=== Section Start ===

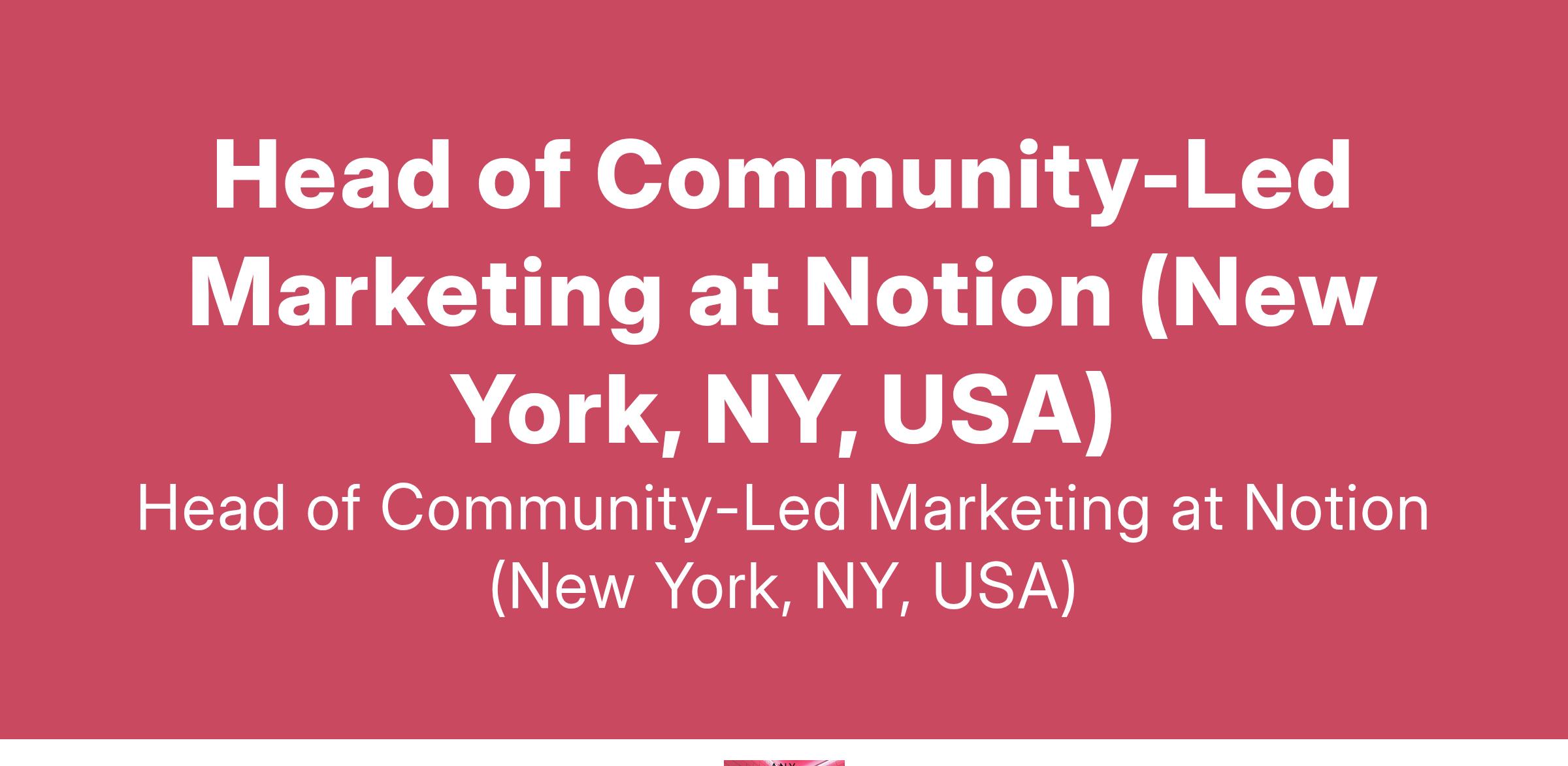 Head of Community-Led Marketing at Notion (New York, NY, USA)
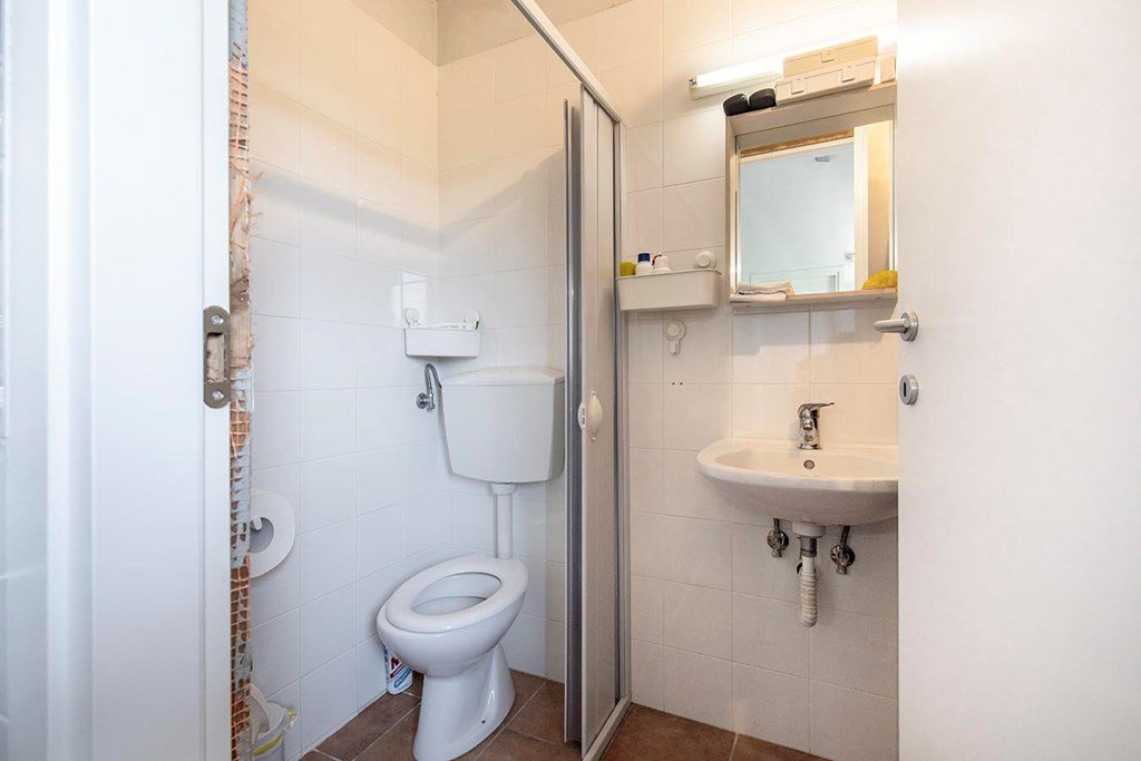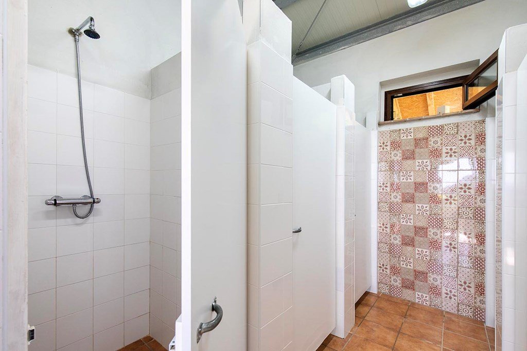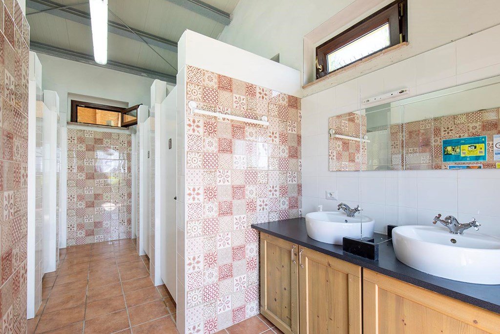 De sanitaire voorzieningen omvatten 3 douches, 3 toiletten, wastafels, een afwasruimte en een wasmachine.
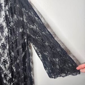 Vintage DELTA BURKE Sheer Black Lace Duster Cardigan. Estimated to be a size 1X. Open Robe/ Whimsygoth. Witchy. MISSING SIZE/MATERIAL TAG. Estimated to be a size 1X based on measurements (see in description). Also missing single button for closure (loop remains). Can wear open or add your own!
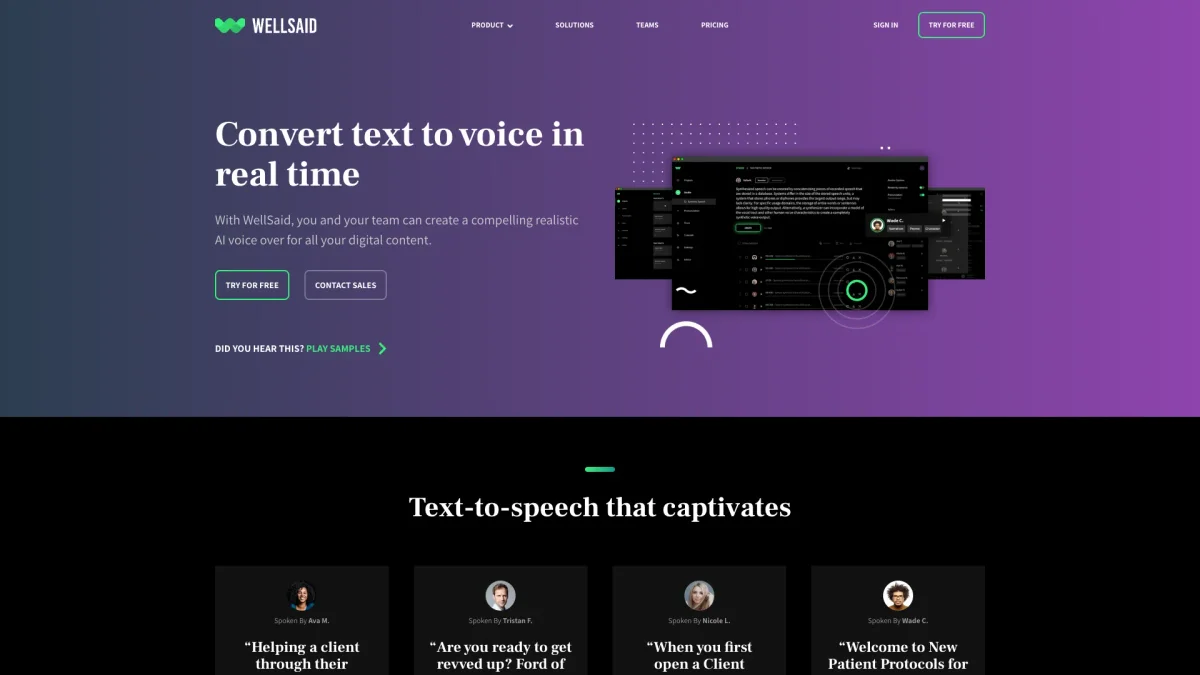 WellSaid is an advanced AI voice generator that delivers human-quality voiceovers, enabling quick and efficient content creation for various industries.
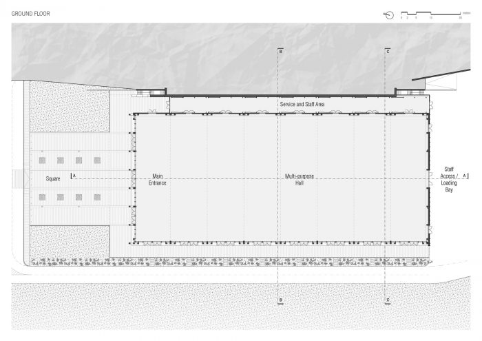 The North and West facades are designed to be large clear glass curtain walls facing to the landscape, in order to allow the contemplation of the mountains from the main hall. The East and South elevations are instead blind and oriented respectively towards a sloping green area and the lading bay.
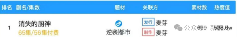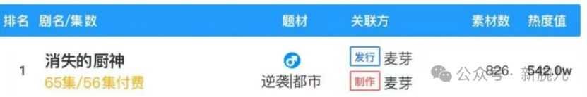 据WeTrue数据,10月19日,麦芽出品的《消失的厨神》排名第一,热度值542万,且连续3天霸榜行业前三。
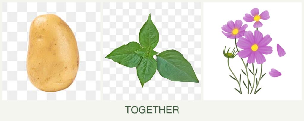 - Resource Competition: Potatoes’ high nutrient needs may compete with basil and cosmos.
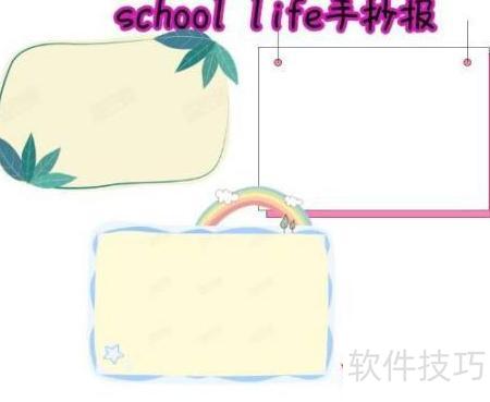 3、 在校园生活手抄报的右下角绘制一个边框。
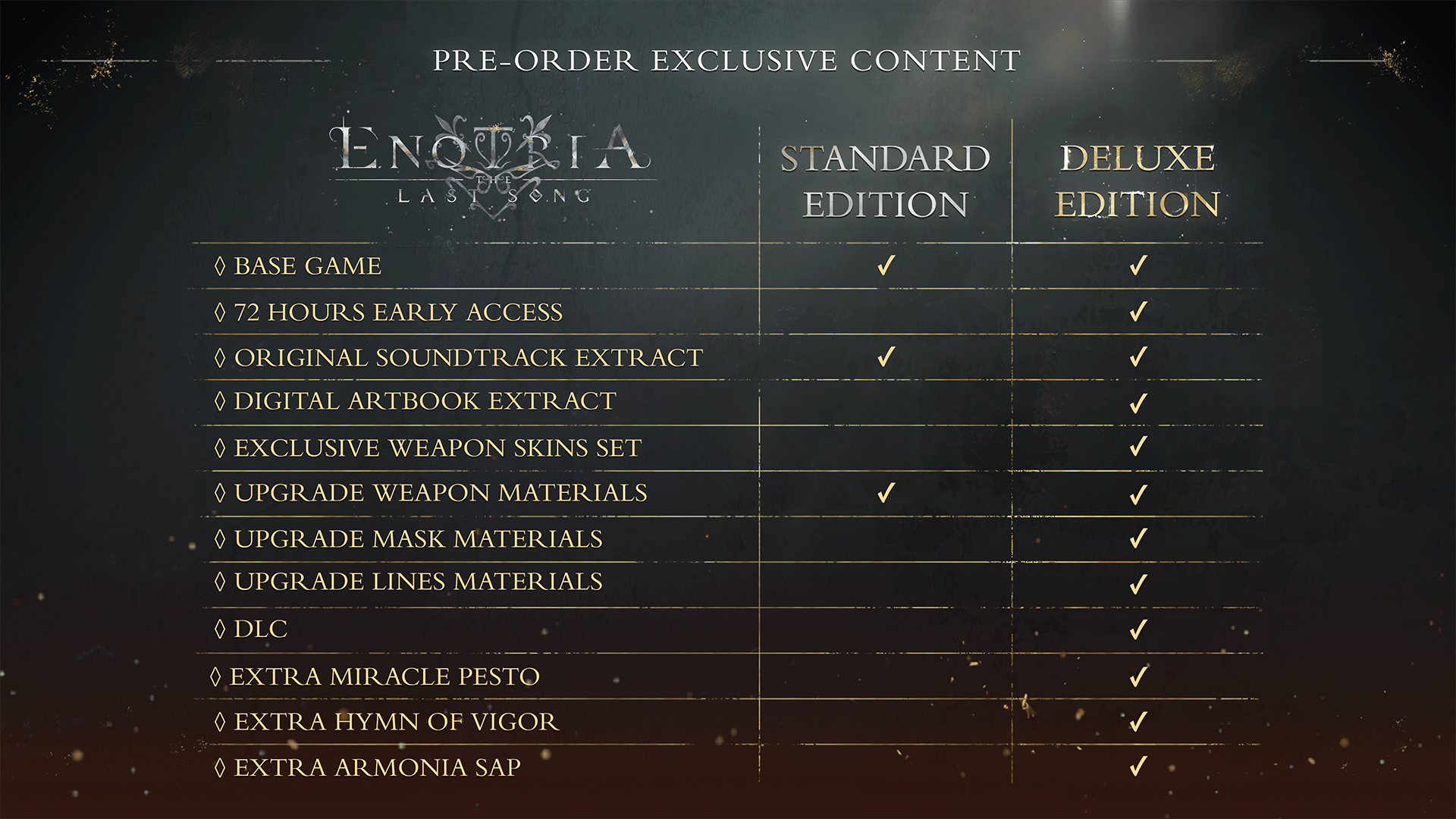 Enotria: The Last Song ukaże się na konsolach PlayStation 5 oraz Xbox Series X|S już 21 czerwca. Tytuł będzie dostępny również na komputerach PC – za pośrednictwem zarówno Steama, jak i Epica. Warto zaznaczyć, że kupując wersję Deluxe, będziemy mogli grać 72 godziny wcześniej, a więc od 18 czerwca. To bynajmniej nie jedyny profit dotyczący tej edycji. Wszystkie związane z nią bonusy (jak też dodatki do zamówień przedpremierowych) znajdziecie wymienione na poniższej rozpisce.
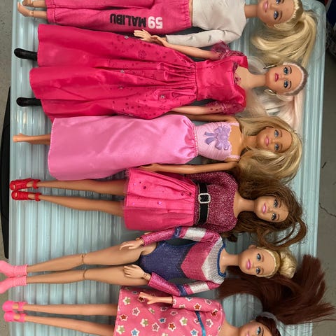 Barbie dukker i forskellige udgaver og med forskelligt tøj og tilbehør.
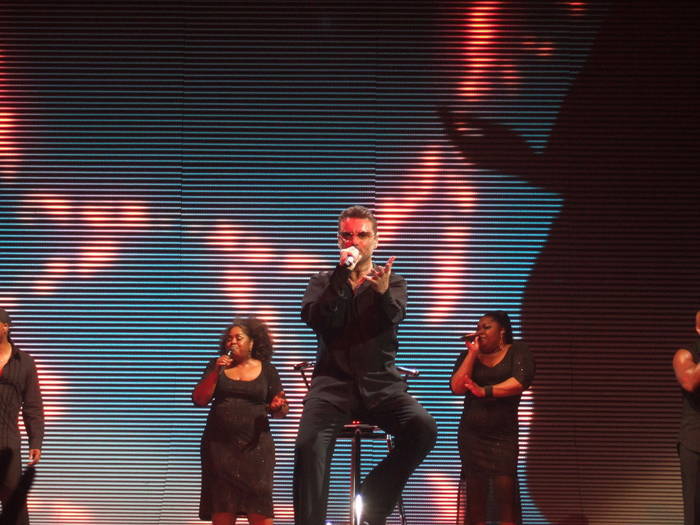 Un assistant lui porte une chaise pendant l'intro de la douce ballade "Father figure". Derrière l'artiste, ses six choristes (dont deux voix sont masculines) sont alignés devant la diffusion d'un montage de symboles rouges. Sur "Star People" ceux sont des flocons de couleurs qui tombent. L'ambiance est si intense que le chanteur va jusqu'à mettre son doigt sur la bouche pour demander la fin des applaudissements du public. Debout et seul en scène, l'ascendant chypriote grec interprète "The first time ever I saw your face".
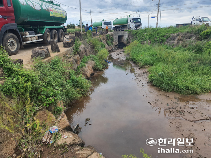 | 하천으로 유입된 불법 배출 분뇨를 차량을 통해 수거하는 모습. |
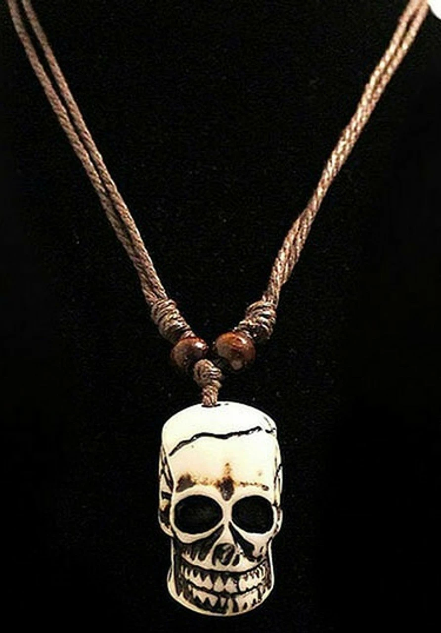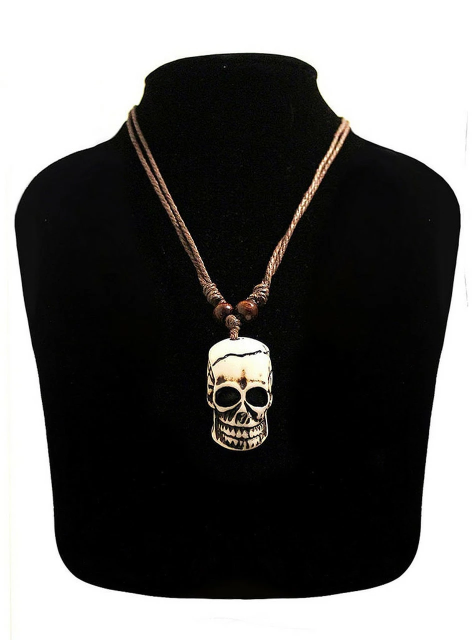 Need a Skeleton Necklace that is something more than the many others? Get this 3 dimensional white skull head necklace! The necklace comes with the skull head and an adjustable leather cord with wood beads near the skull.

=== Section End ===

■ To do: Every entry above should come back exactly as written, except for its pictures.

■ Finished task:
 Head of Community-Led Marketing at Notion (New York, NY, USA)
 De sanitaire voorzieningen omvatten 3 douches, 3 toiletten, wastafels, een afwasruimte en een wasmachine.
 Vintage DELTA BURKE Sheer Black Lace Duster Cardigan. Estimated to be a size 1X. Open Robe/ Whimsygoth. Witchy. MISSING SIZE/MATERIAL TAG. Estimated to be a size 1X based on measurements (see in description). Also missing single button for closure (loop remains). Can wear open or add your own!
 WellSaid is an advanced AI voice generator that delivers human-quality voiceovers, enabling quick and efficient content creation for various industries.
 The North and West facades are designed to be large clear glass curtain walls facing to the landscape, in order to allow the contemplation of the mountains from the main hall. The East and South elevations are instead blind and oriented respectively towards a sloping green area and the lading bay.
 据WeTrue数据,10月19日,麦芽出品的《消失的厨神》排名第一,热度值542万,且连续3天霸榜行业前三。
 - Resource Competition: Potatoes’ high nutrient needs may compete with basil and cosmos.
 3、 在校园生活手抄报的右下角绘制一个边框。
 Enotria: The Last Song ukaże się na konsolach PlayStation 5 oraz Xbox Series X|S już 21 czerwca. Tytuł będzie dostępny również na komputerach PC – za pośrednictwem zarówno Steama, jak i Epica. Warto zaznaczyć, że kupując wersję Deluxe, będziemy mogli grać 72 godziny wcześniej, a więc od 18 czerwca. To bynajmniej nie jedyny profit dotyczący tej edycji. Wszystkie związane z nią bonusy (jak też dodatki do zamówień przedpremierowych) znajdziecie wymienione na poniższej rozpisce.
 Barbie dukker i forskellige udgaver og med forskelligt tøj og tilbehør.
 Un assistant lui porte une chaise pendant l'intro de la douce ballade "Father figure". Derrière l'artiste, ses six choristes (dont deux voix sont masculines) sont alignés devant la diffusion d'un montage de symboles rouges. Sur "Star People" ceux sont des flocons de couleurs qui tombent. L'ambiance est si intense que le chanteur va jusqu'à mettre son doigt sur la bouche pour demander la fin des applaudissements du public. Debout et seul en scène, l'ascendant chypriote grec interprète "The first time ever I saw your face".
 | 하천으로 유입된 불법 배출 분뇨를 차량을 통해 수거하는 모습. |
 Need a Skeleton Necklace that is something more than the many others? Get this 3 dimensional white skull head necklace! The necklace comes with the skull head and an adjustable leather cord with wood beads near the skull.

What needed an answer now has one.